At 10:30 am, we left the pagoda for the Shwethalyaung Reclining Buddha Image. After a 15-minute drive, we got to the Shwethalyaung Reclining Buddha Image. It was situated in a wide precinct on the Shwethalyaung Pagoda Road in Mazin Ward. It was housed in a large pavilion surmounted by a tiered roof. Behind the pavilion were rows of stalls selling foods, fruits, flowers, local products, Myanmar traditional handicrafts, etc. There were full of pilgrims not only in the pavilion housing the reclining Buddha image but also in the stalls. We bought some flowers and donated them to the reclining Buddha image and paid homage to it. This image measures 180 feet in length and 52 feet in height. It is said that it was built by King Migadippange in the 10th century AD and was renovated by King Tissa, King Banyar U, King Rajadhirit, Queen Shin Saw Bu and King Bayintnaung. As we became hungry, we ate lunch greedily at a stall behind the shrine hall.

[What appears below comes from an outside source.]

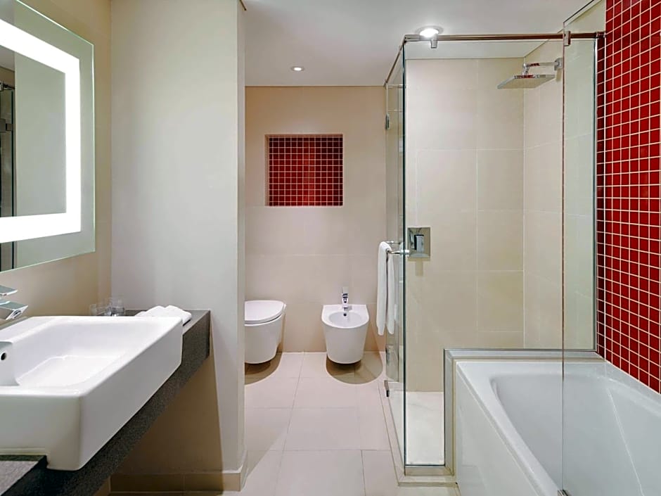 Valmistaudu ottamaan aurinkoa ja uppoutumaan rentoutumiseen kohteessa Novotel Dubai Al Barsha, jossa kaksi upeaa ulkoallasta odottavat polskutteluseikkailujasi! Yksi allas on suunniteltu erityisesti lapsille, mataline reunoineen — pienet uimarit saavat paljon iloa potkiskella, nauraa ja tehdä ihania muistoja. Aikuisille on lämmitetty ulkoallas, josta avautuu panoraamanäkymä Dubaista kohoavaan upeaan kaupunkisiluettiin. Kuvittele itsesi aurinkotuolissa, cocktail kädessä, nauttimassa auringon lämmöstä samalla kun kaupunki avautuu ympärilläsi.
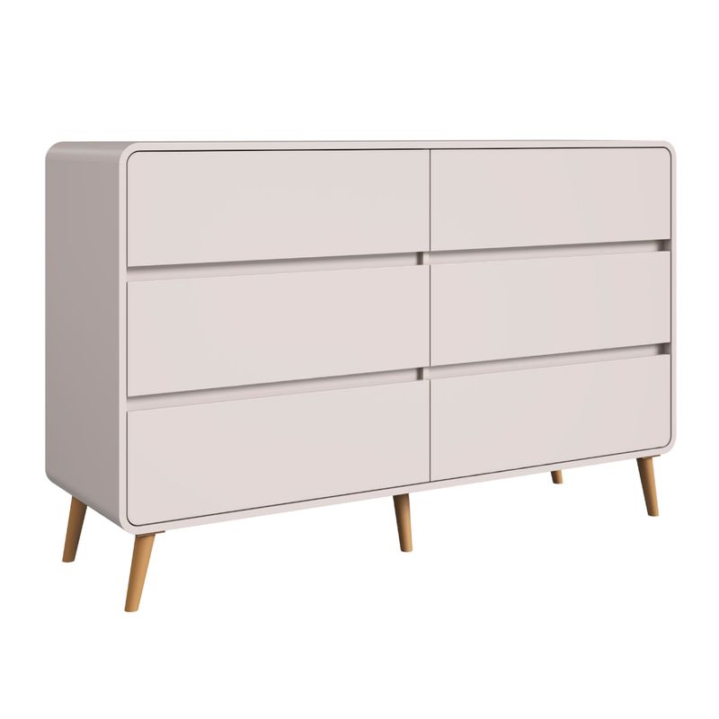 A Cômoda 6 Gavetas Curve Bege Dunas da Completa Móveis combina funcionalidade, praticidade e elegância em um design moderno e atemporal. Seus cantos arredondados conferem leveza ao ambiente, enquanto as molduras laterais em MDF garantem qualidade superior e resistência. Com seis gavetas equipadas com corrediças telescópicas, oferece amplo espaço para organização de roupas e acessórios, além de pés plásticos que proporcionam estabilidade e praticidade no uso diário. É a escolha ideal para quem busca um móvel versátil, durável e com acabamento sofisticado.

At about noon, we departed from the Shwethalyaung Reclining Buddha Image. We called in on the Kalyani Ordination Hall located in vast precincts sheltered by large perennial trees on the same road. Some feet to the east of the ordination hall was found a shed which housed the Kalyani Stone Inscriptions, which were very important in the history of Buddhism of Myanmar. We found ten stone slabs on which the religious contributions of King Dhammazedi were engraved in Pali and Mon. It is learnt that when King Dhammazedi succeeded to the throne of Hamsavati in 1472, he was aware that Buddhism was declining in Lower Myanmar, that he, therefore, dispatched some Mon monks to Sri Lanka and had them reordained on the Kalyani river there, that when they arrived back in Myanmar, King Dhammazedi endeavoured to purify and promote the declining teachings of the Buddha with the assistance of the monks who had been reordained in Sri Lanka. Then, King Dhammazedi had all his religious activities recorded on ten stone slabs in 1476, which were later known as the Kalyani Stone Inscriptions. To my relief, these valuable epigraphic documents were kept in good custody by the Department of Archaeology and National Museum. But I think responsible personnel should try to bring more public attention to this priceless cultural heritage.

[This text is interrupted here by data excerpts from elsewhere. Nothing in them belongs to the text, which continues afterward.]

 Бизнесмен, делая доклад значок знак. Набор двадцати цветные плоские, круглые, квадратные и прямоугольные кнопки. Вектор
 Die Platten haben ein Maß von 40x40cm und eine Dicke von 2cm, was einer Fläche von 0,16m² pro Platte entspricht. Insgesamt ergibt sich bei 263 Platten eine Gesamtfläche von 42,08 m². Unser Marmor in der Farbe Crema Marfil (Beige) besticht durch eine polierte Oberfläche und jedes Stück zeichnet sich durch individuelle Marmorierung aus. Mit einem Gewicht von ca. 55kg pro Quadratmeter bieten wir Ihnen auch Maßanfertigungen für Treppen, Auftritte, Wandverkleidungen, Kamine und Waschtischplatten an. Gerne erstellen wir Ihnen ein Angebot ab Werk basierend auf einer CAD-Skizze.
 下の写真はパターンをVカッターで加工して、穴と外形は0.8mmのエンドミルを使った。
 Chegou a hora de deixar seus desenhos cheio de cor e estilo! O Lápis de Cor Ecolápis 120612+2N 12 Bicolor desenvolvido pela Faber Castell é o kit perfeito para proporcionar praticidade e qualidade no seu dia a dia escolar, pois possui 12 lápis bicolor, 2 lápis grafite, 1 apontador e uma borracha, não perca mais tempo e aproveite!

Although we wanted to visit some more historical buildings and sites like the Kambojasadi Palace built by King Bayintnaung in 1553, the Hamsa Hill Pagoda, which was built to mark the perching of Hamsas (Brahminy ducks), the Mahazedi, a merit of King Bayintnaung, etc., we felt so tired due to the intense heat of the mid-day summery sun. So, we gave up our cherished desire of ransacking this ancient town for more ancient sites and buildings connected with legends and history and left Bago at 2 pm. But, to me, it was a worthwhile trip, for I got some knowledge on the history and Buddhism of Bago and was relaxed by the enchanting beauty on the way.